═════ Recorded data ═════

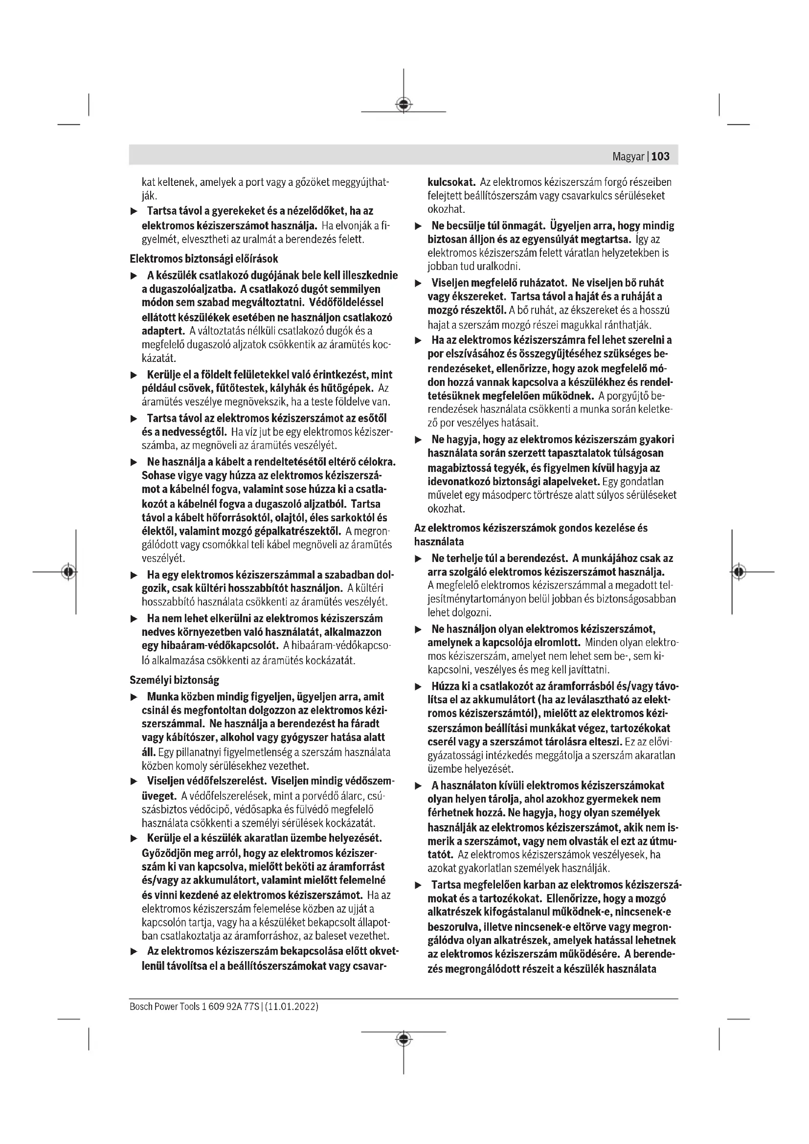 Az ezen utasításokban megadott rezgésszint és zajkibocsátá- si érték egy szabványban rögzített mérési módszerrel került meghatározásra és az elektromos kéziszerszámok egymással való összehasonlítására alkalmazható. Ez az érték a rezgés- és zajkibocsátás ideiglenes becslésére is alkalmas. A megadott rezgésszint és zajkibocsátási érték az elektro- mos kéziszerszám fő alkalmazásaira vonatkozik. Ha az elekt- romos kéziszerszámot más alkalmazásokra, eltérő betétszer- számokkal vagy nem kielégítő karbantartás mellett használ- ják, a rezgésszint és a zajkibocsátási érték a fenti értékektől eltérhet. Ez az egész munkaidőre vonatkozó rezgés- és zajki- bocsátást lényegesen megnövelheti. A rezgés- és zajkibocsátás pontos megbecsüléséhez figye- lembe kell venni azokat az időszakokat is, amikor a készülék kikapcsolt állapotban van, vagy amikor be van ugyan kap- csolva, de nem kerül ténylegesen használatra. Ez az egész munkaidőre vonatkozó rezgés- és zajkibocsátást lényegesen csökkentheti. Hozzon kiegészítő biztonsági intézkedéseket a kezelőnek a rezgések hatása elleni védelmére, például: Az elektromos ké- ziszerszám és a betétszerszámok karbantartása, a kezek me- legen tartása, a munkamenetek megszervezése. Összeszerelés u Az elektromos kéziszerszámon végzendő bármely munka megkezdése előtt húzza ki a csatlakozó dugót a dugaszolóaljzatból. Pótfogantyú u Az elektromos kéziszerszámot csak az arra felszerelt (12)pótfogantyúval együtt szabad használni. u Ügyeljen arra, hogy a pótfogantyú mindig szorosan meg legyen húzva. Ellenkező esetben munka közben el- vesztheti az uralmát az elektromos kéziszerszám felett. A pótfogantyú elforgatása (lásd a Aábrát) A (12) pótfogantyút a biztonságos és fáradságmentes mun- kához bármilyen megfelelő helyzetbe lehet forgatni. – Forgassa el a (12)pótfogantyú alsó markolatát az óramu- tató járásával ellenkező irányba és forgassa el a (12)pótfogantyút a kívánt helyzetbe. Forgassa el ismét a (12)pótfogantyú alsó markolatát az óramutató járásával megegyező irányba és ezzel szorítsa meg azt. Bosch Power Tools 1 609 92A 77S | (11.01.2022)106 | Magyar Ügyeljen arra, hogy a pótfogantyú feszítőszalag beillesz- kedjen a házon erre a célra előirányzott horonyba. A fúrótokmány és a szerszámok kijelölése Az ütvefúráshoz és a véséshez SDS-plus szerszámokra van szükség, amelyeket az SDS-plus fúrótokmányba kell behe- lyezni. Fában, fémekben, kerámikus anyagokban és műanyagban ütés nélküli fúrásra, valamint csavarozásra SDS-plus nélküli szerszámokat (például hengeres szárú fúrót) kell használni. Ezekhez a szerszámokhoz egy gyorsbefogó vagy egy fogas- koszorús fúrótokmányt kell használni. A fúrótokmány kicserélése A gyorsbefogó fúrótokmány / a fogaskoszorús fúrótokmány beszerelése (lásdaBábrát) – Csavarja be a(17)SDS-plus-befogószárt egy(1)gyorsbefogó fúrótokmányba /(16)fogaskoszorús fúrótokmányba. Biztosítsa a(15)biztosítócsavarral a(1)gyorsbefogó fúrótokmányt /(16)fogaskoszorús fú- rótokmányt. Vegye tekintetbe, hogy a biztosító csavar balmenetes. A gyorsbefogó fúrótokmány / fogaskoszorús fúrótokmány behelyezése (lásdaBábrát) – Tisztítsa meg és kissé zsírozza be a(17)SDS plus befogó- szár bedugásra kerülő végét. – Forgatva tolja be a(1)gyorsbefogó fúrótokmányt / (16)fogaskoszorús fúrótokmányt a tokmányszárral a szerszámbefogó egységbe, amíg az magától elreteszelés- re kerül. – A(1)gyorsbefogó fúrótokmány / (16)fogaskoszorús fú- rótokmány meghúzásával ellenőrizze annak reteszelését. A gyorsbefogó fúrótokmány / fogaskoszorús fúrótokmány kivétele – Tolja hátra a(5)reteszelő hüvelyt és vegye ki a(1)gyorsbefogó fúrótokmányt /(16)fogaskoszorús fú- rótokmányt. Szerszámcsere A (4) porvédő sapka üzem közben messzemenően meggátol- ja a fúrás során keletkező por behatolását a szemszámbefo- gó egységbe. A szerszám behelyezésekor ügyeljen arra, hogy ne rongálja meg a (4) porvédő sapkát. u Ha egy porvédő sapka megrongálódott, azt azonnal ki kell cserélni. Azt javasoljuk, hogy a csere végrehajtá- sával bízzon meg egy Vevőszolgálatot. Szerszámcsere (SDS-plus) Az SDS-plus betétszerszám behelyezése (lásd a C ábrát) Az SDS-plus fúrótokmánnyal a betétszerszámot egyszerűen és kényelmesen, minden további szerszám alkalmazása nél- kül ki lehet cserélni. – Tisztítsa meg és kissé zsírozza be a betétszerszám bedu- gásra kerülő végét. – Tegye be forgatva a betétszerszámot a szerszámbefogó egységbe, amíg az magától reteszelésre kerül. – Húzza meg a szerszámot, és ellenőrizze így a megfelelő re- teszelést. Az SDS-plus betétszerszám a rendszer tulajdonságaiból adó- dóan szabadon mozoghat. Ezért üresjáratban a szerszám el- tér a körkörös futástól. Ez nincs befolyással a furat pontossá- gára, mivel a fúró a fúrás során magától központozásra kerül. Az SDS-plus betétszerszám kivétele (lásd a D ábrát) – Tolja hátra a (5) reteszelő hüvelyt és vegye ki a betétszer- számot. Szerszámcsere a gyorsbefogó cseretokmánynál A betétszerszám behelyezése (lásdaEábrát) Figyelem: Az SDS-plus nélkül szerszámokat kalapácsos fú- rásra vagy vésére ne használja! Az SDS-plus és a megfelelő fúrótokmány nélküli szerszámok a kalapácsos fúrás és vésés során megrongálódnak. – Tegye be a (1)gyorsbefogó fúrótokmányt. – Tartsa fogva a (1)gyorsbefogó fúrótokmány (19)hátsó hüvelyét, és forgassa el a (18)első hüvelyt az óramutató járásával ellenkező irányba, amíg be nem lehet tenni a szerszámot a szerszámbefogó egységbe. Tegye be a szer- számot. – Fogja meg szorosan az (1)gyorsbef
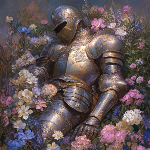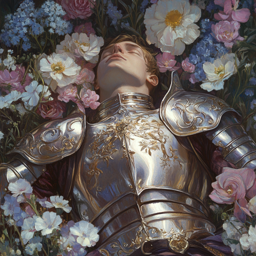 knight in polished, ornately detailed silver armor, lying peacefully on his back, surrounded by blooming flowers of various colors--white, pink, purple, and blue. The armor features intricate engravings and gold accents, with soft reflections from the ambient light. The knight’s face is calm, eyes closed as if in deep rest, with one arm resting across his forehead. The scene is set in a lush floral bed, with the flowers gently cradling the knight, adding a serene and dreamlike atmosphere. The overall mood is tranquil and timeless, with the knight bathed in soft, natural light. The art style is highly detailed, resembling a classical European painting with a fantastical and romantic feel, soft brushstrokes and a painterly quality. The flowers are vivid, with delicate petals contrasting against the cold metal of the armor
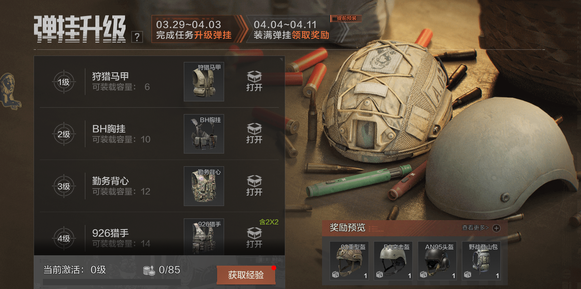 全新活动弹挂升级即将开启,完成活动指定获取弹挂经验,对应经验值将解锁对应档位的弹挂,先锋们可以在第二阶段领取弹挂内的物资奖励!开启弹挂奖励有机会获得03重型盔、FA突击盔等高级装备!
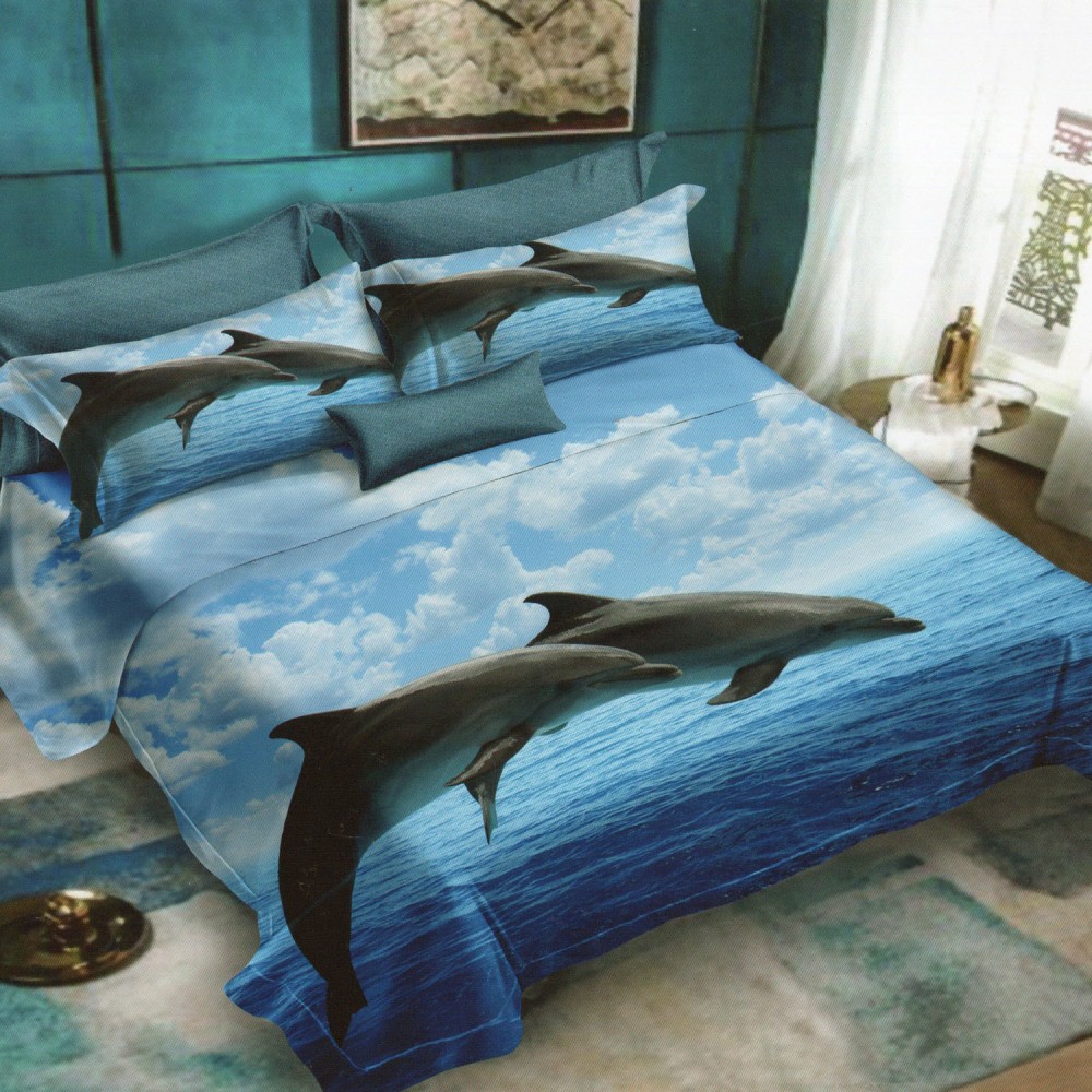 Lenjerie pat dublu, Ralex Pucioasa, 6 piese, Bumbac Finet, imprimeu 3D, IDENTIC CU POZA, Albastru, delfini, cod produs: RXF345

═════

Write out an exact reproduction of the lines from the line that holds "全新活动弹挂升级即将开启,完" to the bottom of the listing above, both ends included. Exclude pictures.

 全新活动弹挂升级即将开启,完成活动指定获取弹挂经验,对应经验值将解锁对应档位的弹挂,先锋们可以在第二阶段领取弹挂内的物资奖励!开启弹挂奖励有机会获得03重型盔、FA突击盔等高级装备!
 Lenjerie pat dublu, Ralex Pucioasa, 6 piese, Bumbac Finet, imprimeu 3D, IDENTIC CU POZA, Albastru, delfini, cod produs: RXF345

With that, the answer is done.